There has been a lot of work in the past generation to develop new ways of analyzing these old traditions.

One interesting example is the research into plant badges. It's now generally recognized that the clans that are fragments of the same archaic tribe often have the same plant badge, even though they often have different traditional male-line genealogies. And, when the plant badges are not the same the change can often be accounted for by traditional histories.

Moncrieffe pioneered a similar idea with heraldry. I think he was the first to show that many clans fall into one of two groups -- those who use or quarter the lion and those who use or quarter the galley. It was his theory that these were primitive totem symbols later adapted to heraldry. His idea was that the families with the lion belonged to the royal family of ancient Dalriada and the families with the galley belonged to the royal family of old Uppsala (Sweden).

This idea has been investigated and elaborated since then. You can get a glimpse of it here:
http://www.heraldry-scotland.co.uk/westhigh.html

Now, the reason this idea of lions in heraldry is relevant here is that the odl MacDuffs and now their Wemyss of Wemyss heirs have as their coat of arms a red lion on a gold shield.

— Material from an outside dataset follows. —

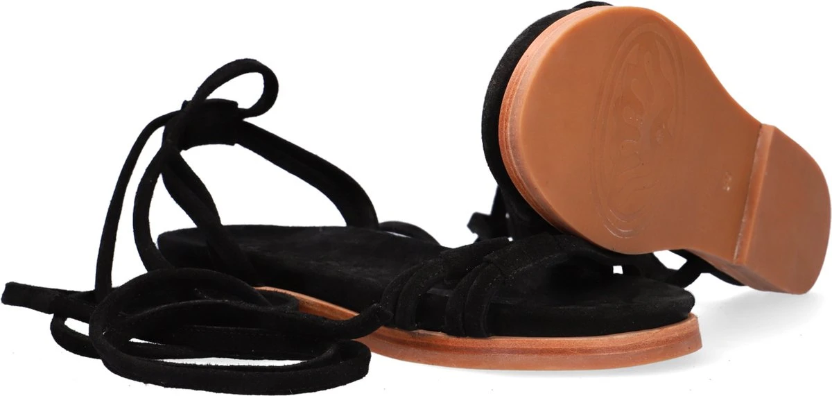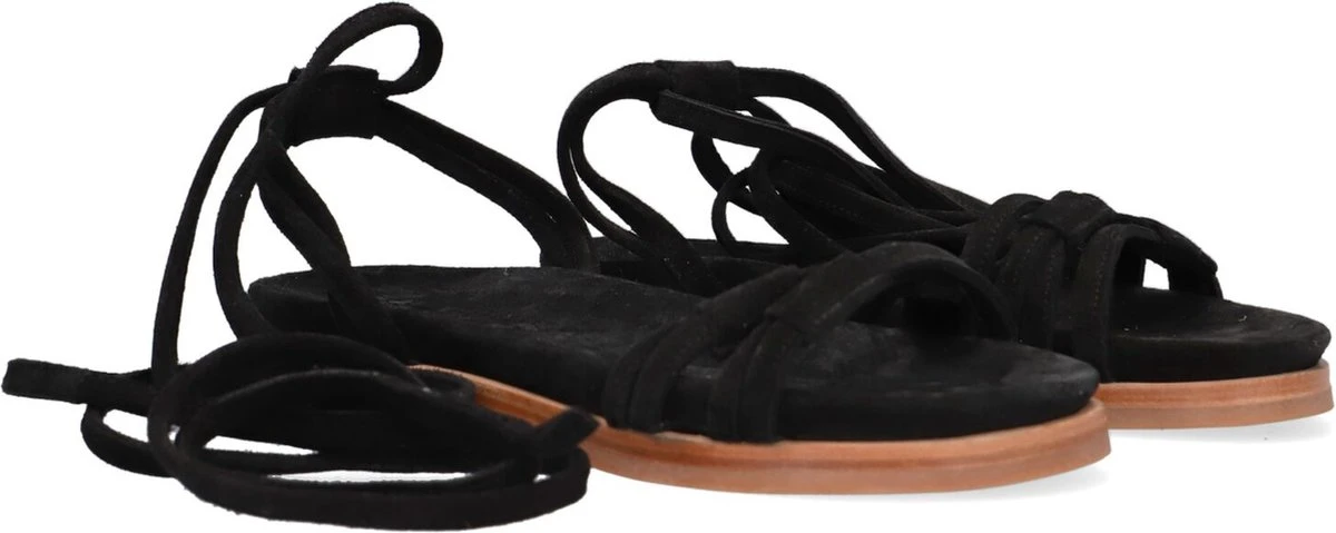 Het streven van het Amsterdamse merk Shabbies is dat jij je zelfverzekerd en goed voelt met iedere stap die je zet. Dat doen ze door toffe schoenen te maken van mooie materialen met een hoge kwaliteit, een uniek design en een vrouwelijke touch. Deze zwarte sandaal 170020161 is gemaakt van zacht soepel suède en heeft dunne bandjes over de voorvoet en een fijne lange veters rondom de enkel die je zelf op maat kunt maken door er een knoop in te maken. Het binnenwerk is van suède en het licht opgevulde voetbed is voorzien van merkopdrukken. De zool heeft een houtlook afwerking aan de zoolrand en een rubberen loopzool.

There is a theory, perhaps arguable, that the lion in these colors is the "undifferenced" symbol of the old kings of Dalriada. The Scottish royal family uses a "differenced" version that adds a double tressure flory counterflory.

According to this theory the MacDuffs must have been in some significant sense the senior heirs of the old Dalriada line, and likely the senior heirs of Kenneth MacAlpin who came from that line. More importantly, the idea that the colors red and gold represent the senior line is something that almost certainly could only have developed later, after the advent of heraldry.

So, while it could be possible theoretically that the MacDuffs use the undifferenced red and gold arms because they are heirs of Duff, brother of Kenneth II, it is far more likely that they used that version because they are senior but disinherited line of Malcolm III. Therefore, the arms seem (emphasis on "seem") to support the tradition that the later MacDuffs were descendants of Ethelred. And, if true, this would be a far more reliable guide than looking for non-existent contemporary records.

All of this gets much more complicated in the detail. There are no actual records of the Scottish royal arms before William the Lion, who is supposed to have first used them. He was a great grandson of Malcolm III and lived at the time heraldry was first coming into use. It's not clear whether he used just the lion, or whether he also used the tressure. The earliest pictorial representation of the Scottish arms are from his son Alexander II. He definitely used an early form of the tressure.

One of the arguments in favor of the MacDuff descent from Ethelred is that the relationships were still close enough (3rd cousin, 4th cousin) that it's hard to believe the Scottish kings would have "allowed" a powerful family to use arms that implied seniority within the royal family unless there was a good reason.

The counter-argument is that the royal family probably didn't have much control over what arms the MacDuffs used (but then, they didn't try to counter it either). And, we can't be sure that the royal family didn't add the tressure as a way to make the same arms more prestigious (instead of seeing it as a simple difference).

The important point seems to be that both the royal family and the MacDuffs understood the lion in red and gold to represent the senior royal line of Dalriada, why other dynasts changed the colors (blue and white in Moray, for example).

There is also an odd incident in the history of the royal arms. Under James III the Scottish parliament passed an act removing the tressure from the royal arms. The most likely explanation is that the fleurs de lis in the tressure had potential political implications at a time when the king was considering a visit to France, but some people think Parliament might have wanted the king to assert a right to the old undifferenced arms now that the MacDuffs were out of the picture.

All of that is more than I intended to say, and goes far beyond the relatively simple message I lost this morning. I'm sorry it comes across as being so choppy. No doubt I've missed several important points, but the basic idea is that I am more persuaded by the evidences that work within a larger cultural context than in simple point, counter-point from written documents. .

Justin thank you for taking the time to tune in and contribute. I now understand better what it is i dont understand, and that's a very good place to be in. I have read some Moncrieff and enjoyed it.

Jacqueli, I've seen quite a bit the last few years about the Lebor Clann Glas but all of it pre-publication that never seems to get published. It's clearly a very uneven mishmash that preserves traditions from many sources. Some of the best stuff seems to be an approach that gives up the game of looking for confirmation in other sources and instead focuses on the structural parallels between fragments and Roman models. Very exciting stuff. Particularly if looking for a model that was used helps date the fragment.

Interesting, Justin, but a bit outside the area of current discussion. The influence of the Norse on the Hebrides, West Highlands, Shetlands and Faeroes is constantly underestimated. Even the clear influence of, and on, the Orkneys is downplayed.

The reason Thorfinn Sigurdsson was "Earl of Caithness" is that it's the northernmost tip of Scotland and the closest part of the mainland to the Orkneys - an easy reach from the islands.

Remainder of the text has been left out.